> [WORK TO COMPLETE] These records contain pictures, which must be left out; copy exactly the lines from the one with "Наконец, о кошках." up to and including the one with "Perlen-Ohrringe Tropfen weiß".

---------- PROVIDED MATERIAL ----------

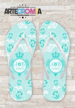 Chinelo personalizado casamento monograma e flores azul verde tiffany – MDL 359
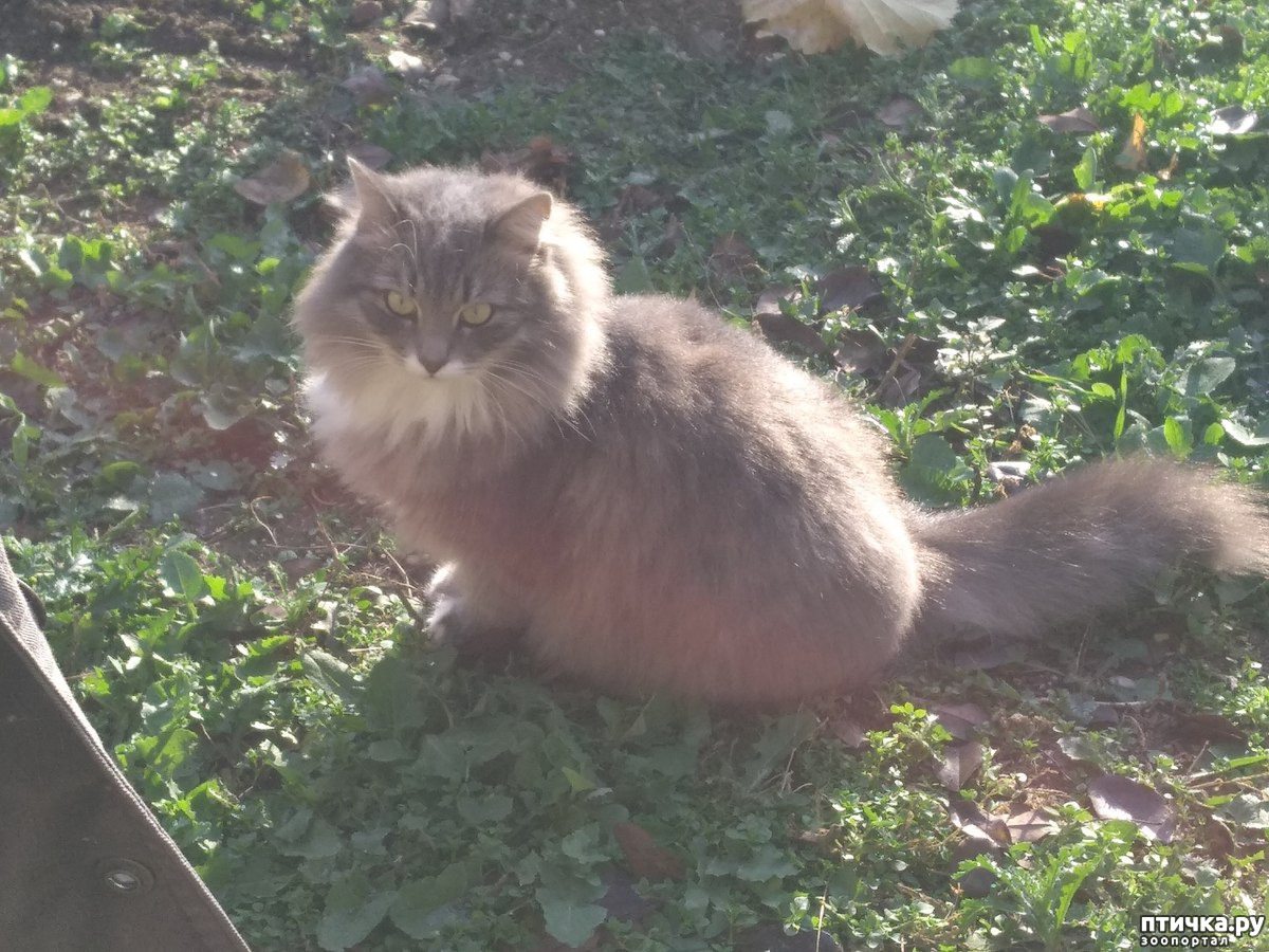 Наконец, о кошках. Вот, моя Пушуня на зелёной травушке-муравушке на утреннем моционе.
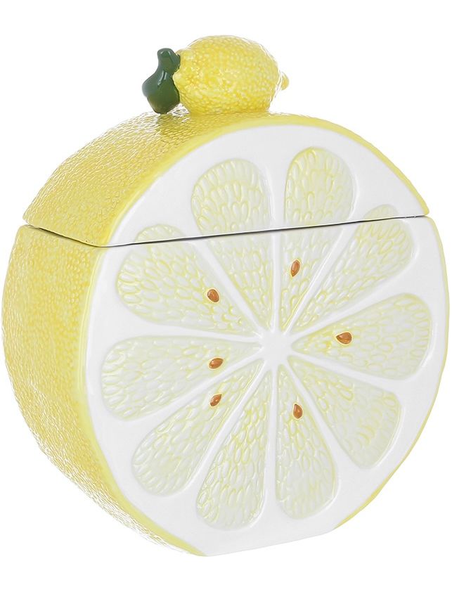- Форма: Унікальна форма лимона, яка робить банку не лише зручним предметом для зберігання, а й елегантним декором.
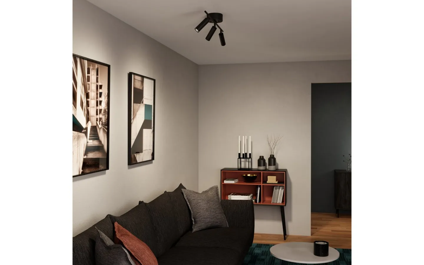 Denna modell är avlång med 3st riktbara lamphuvud och är gjord i metall med en mattsvart finish.
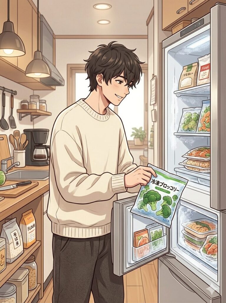 自炊しない生活で一番不足しがちなのが野菜です。コンビニのサラダは手軽ですが、毎日買うとコストがかさみます。そこで活用したいのが冷凍野菜です。
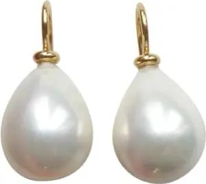Perlen-Ohrringe Tropfen weiß Muschelkern Sterling-Silber gold plattiert 585 Goldschmiede-Arbeit Handarbeit elegant klassisch stilvoll
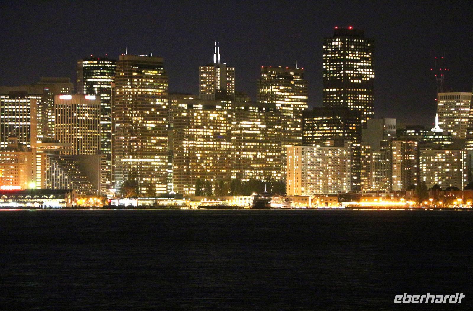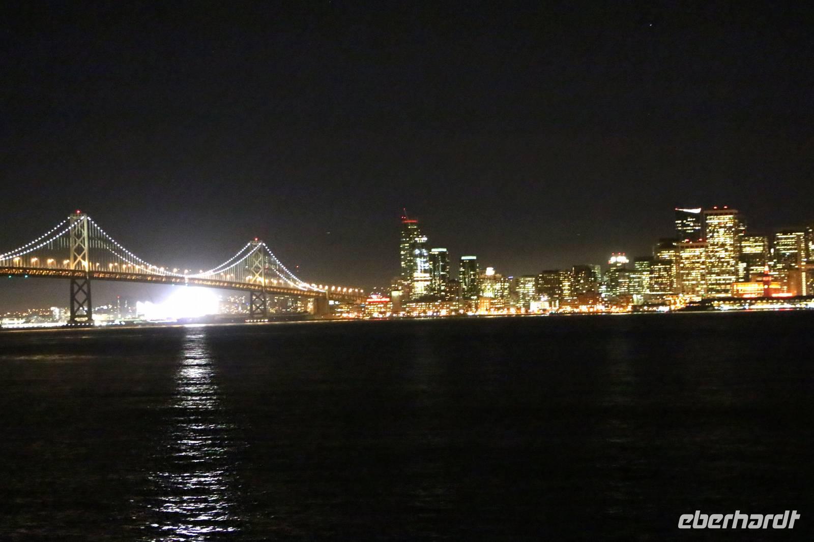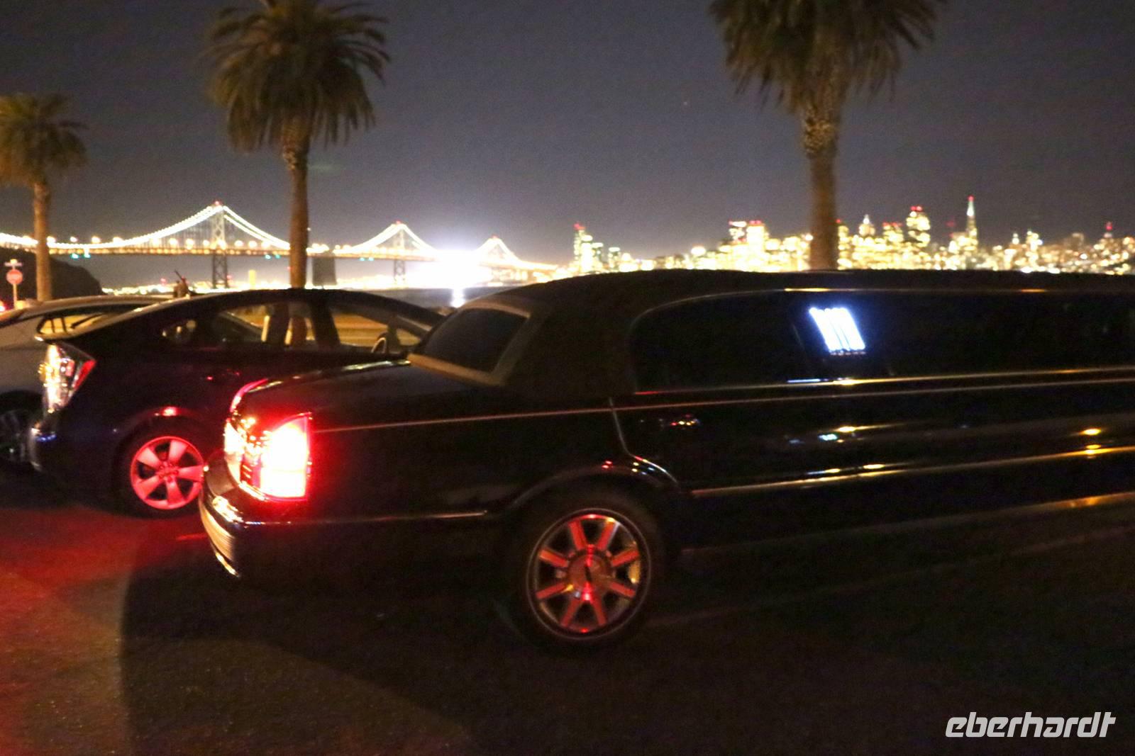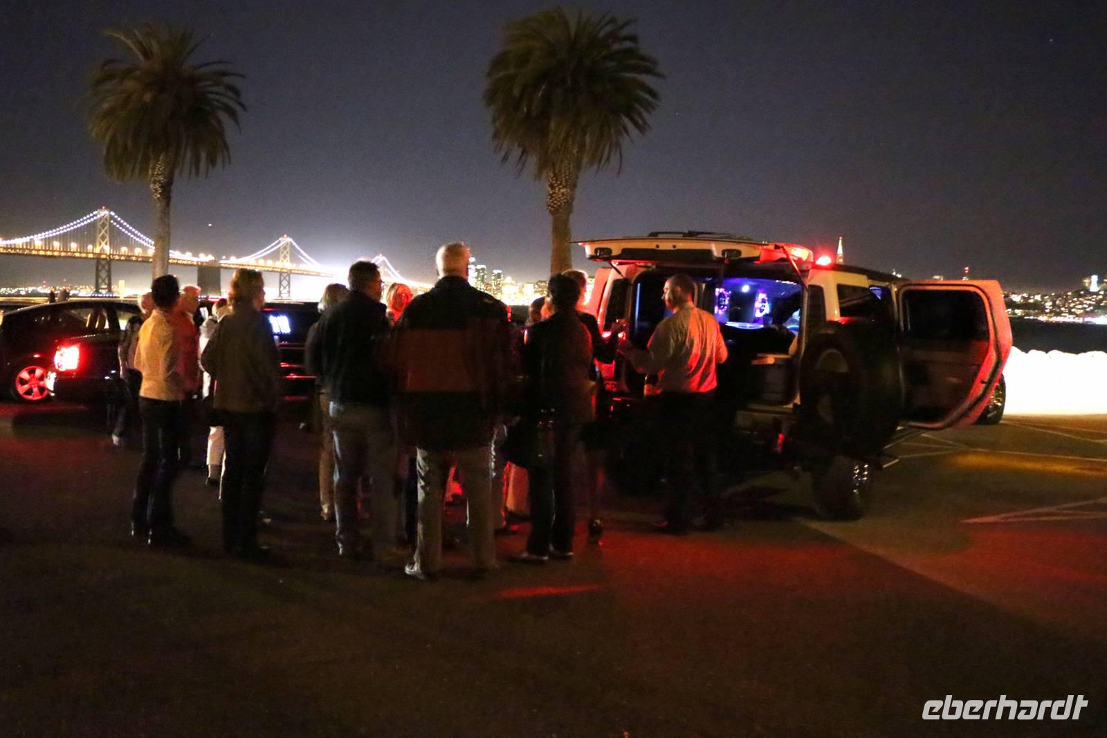 Nach dem Essen erwartet uns der abschließende Höhepunkt unserer Reise: eine Stretchlimousinen-Fahrt durch San Francisco. Vom Pier 39 geht's los durch die nächtliche Stadt, über die San Francisco-Oakland Bay Bridge zur kleinen Insel Treasure Island. Mit Blick auf die beleuchtete Skyline San Franciscos stoßen wir dort mit einem Glas Sekt auf die erlebnisreiche Reise an.

----------

> [EXERCISE RESULT]
 Наконец, о кошках. Вот, моя Пушуня на зелёной травушке-муравушке на утреннем моционе.
- Форма: Унікальна форма лимона, яка робить банку не лише зручним предметом для зберігання, а й елегантним декором.
 Denna modell är avlång med 3st riktbara lamphuvud och är gjord i metall med en mattsvart finish.
 自炊しない生活で一番不足しがちなのが野菜です。コンビニのサラダは手軽ですが、毎日買うとコストがかさみます。そこで活用したいのが冷凍野菜です。
Perlen-Ohrringe Tropfen weiß Muschelkern Sterling-Silber gold plattiert 585 Goldschmiede-Arbeit Handarbeit elegant klassisch stilvoll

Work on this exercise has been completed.